The question is "90% of the students in school passed in English, 85% passed in Mathematics and 150 students passed in both the subjects. If no student failed in both the subjects, find the total number of students." options given are 120/220/200/300
I solved it as, x=.9x+.85x-150, thus x=200.
but I am not sure why I did so. The line about failed students is troubling me. Is my 'x' not the total number of passed students? Because there could be students who failed in either of the subject. In which factor are they being included?
and the given %ages, what do they tell us. That 10% fail math and 15% fail English. So total fail 25%? Perhaps that is true, because 25% of 200 is 50 and that when added in 150 gives 200. But I am not sure.
I have 2 objectives. A) to solve this question without letting 'x' B) to see in and out of this question.
need your guidance.
Edit after seeing comments :
we are getting 75% from 2 ways.
1) 90+85=175
2) 10+15=25
so, I wonder would these two cases always give us the same result. Or the line about "nobody failed both" has something to do with it?
You can use the inclusion-exclusion principle. For the two sets $A$ and $B,$ $$ |A \cup B| = |A| + |B| - |A \cap B| $$ where $|S|$ denotes the cardinality of $S$ (number of elements in $S$).
In your case, let $A$ be the set of students who passed math, $B$ the set who passed English. You know that $A \cup B$ is the set of all students in the school (since all passed at least one of the two subjects). You also know the ratios $|A|/|A \cup B|$ and $|B|/|A \cup B|,$ and you know the exact value of $|A \cap B|.$ Set $x = |A \cup B|,$ and then all these facts enable you to write the equation you wrote.
In other words, your definition of $x$ was a good one and the equation is correct.

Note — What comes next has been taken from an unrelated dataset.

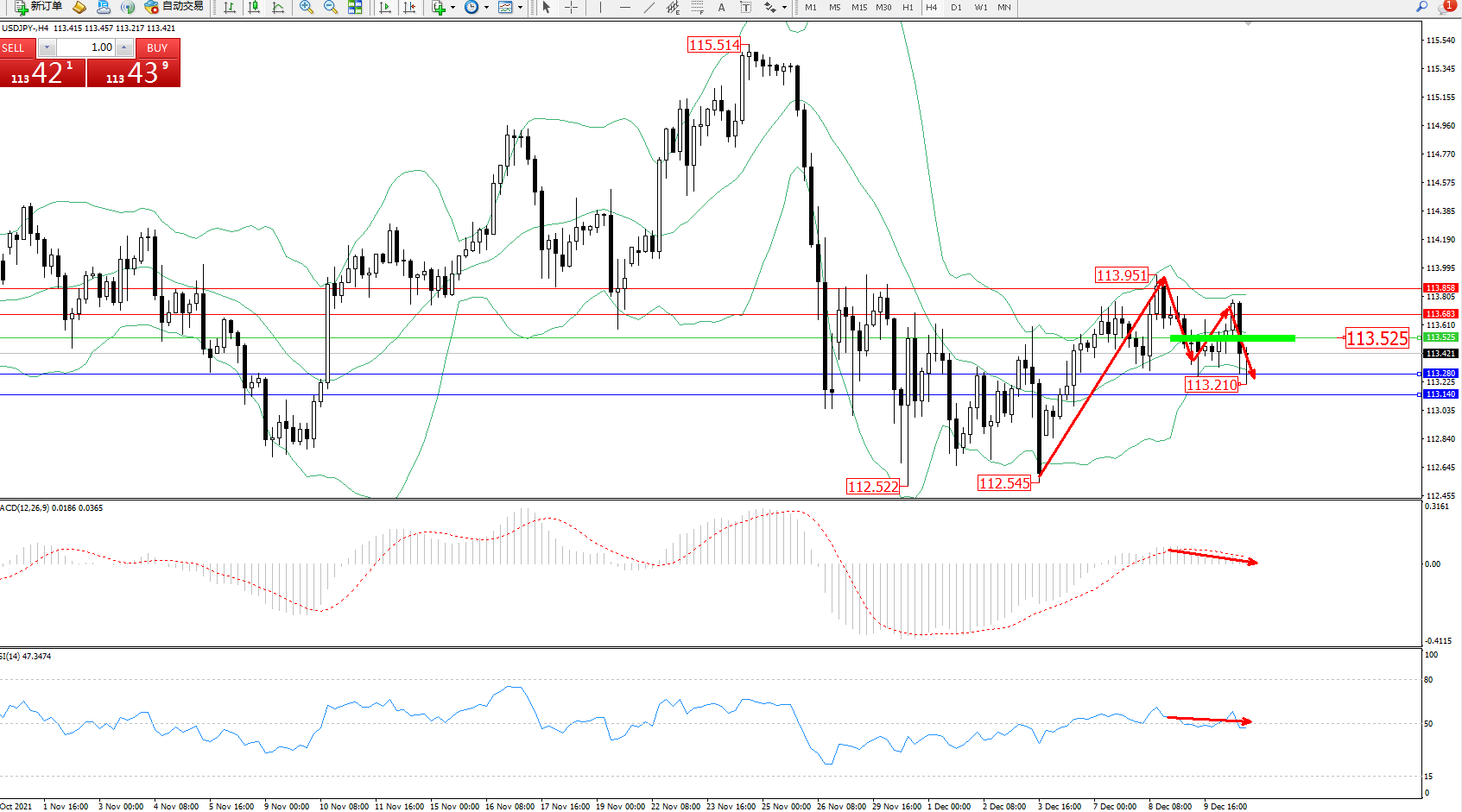 交易策略:113.525下方看跌,目标113.280、113.140

The Venn Diagram method is more complicated to apply to this problem, I think. I barely even recall it being used to solve any problems in my math education; looking around the Web I found a large number of examples of its use, but found none that involve percentages. For two sets $A$ and $B,$ the Venn Diagram method would have you find (or copy from the problem statement) the values of $|A \cap B|,$ $|A \setminus B|,$ $|B \setminus A|,$ and $\overline{|A \cup B|}.$ If you follow through on this carefully, you can eventually come up with the equation you wrote.